Это правда, что мы – подобно прочим Животным – получили благословение, завет плодиться, и размножаться, и наполнять Землю. Но какими унизительными, агрессивными, болезненными путями это наполнение порой достигается! Неудивительно, что мы от рождения мучимы виной и стыдом. Почему же Он не сотворил нас чистыми духами, как Он сам? Зачем внедрил нас в недолговечные материальные тела, да еще столь несчастливо сходные с обезьяньими? Таков издревле вопль человечества.

Какой же заповеди мы ослушались? Заповеди жить животной жизнью во всей ее простоте – в ее наготе, так сказать. Но мы жаждали познания добра и зла, и получили это знание, и ныне пожинаем бурю. В своих попытках подняться над самими собой мы пали воистину низко и все продолжаем падать; ибо, как и Творение, падение длится вечно. Наше падение – это падение в жадность; почему мы думаем, что все, что есть на Земле, принадлежит нам, когда на самом деле это мы принадлежим Всему? Мы предали доверие Животных и осквернили свое священное призвание Управителей. Господня заповедь «наполняйте Землю» не означала, что мы должны были до краев переполнить ее собой, стерев с ее лика все остальное. Сколько других видов мы уже уничтожили? Ибо что сделали вы наименьшему из Господних Творений, то сделали и Ему. Задумайтесь об этом, друзья мои, в следующий раз, когда решите раздавить ногой Червя или похулить какого-либо Жука!
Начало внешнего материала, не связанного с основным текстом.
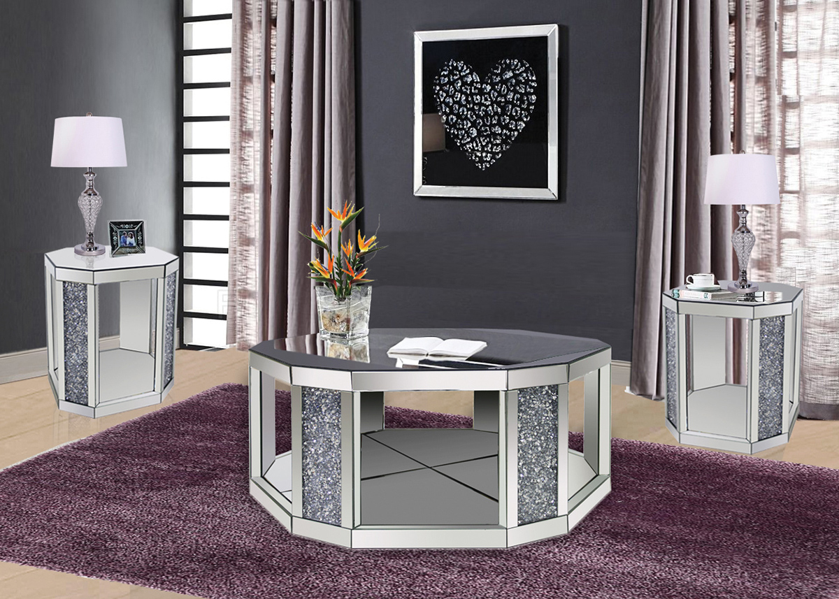 Very Glitz And Bold Styling. Octagon Shaped Cocktail Table With Mirror Top And Bottom Shelf. End Table Follow Same Octagon Shape. Glitter Faux Crystal Accents.

Помолимся же о том, чтобы не впасть в заблуждение гордыни, сочтя себя исключительными, сочтя, что у нас единственных среди всего Творения есть Душа; и да не возомним тщеславно, что мы стоим превыше любой другой Жизни и что можем уничтожать ее по своей прихоти, безнаказанно.

Благодарим Тебя, Господь, что сотворил нас такими путями, дабы мы непрестанно помнили не только о том, что мы ниже ангелов, но и о нитях ДНК и РНК, связывающих нас со многими собратьями-созданиями.

Воспоем же.

Мою гордыню укроти

Мою гордыню укроти,

Услышь меня, Всевышний:

Не дай себя мне вознести

Приматов прочих выше.


А мы за множество веков

Твой промысел постигли:

Ты дал нам разум, жизнь, любовь –

Нас выплавил, как в тигле.


Пусть незаметен образ Твой

В Горилле и Мартышке –

Но всем нам место под одной

Твоей небесной крышей.


И, коль Приматов возомним

Мы ниже человека,

Напомни нам в такие дни

Про Австралопитеков.


Избавь нас, Боже, ото зла,

От алчности и гнева –

Мы все как есть – грязь и зола

Под синим Божьим Небом[10].


11

Рен

Год двадцать пятый

Вспоминая ту ночь – первую ночь Безводного потопа, – я не могу припомнить ничего необычного. Часов в семь я проголодалась, достала из холодильника энергобатончик и съела половину. Я всегда всего ела только половину, потому что при моем типе телосложения нельзя расслабляться. Я однажды спросила у Мордиса, не стоит ли мне вставить сисимпланты, но он сказал, что при тусклом свете я сойду за подростка, а на стиль «школьница» большой спрос.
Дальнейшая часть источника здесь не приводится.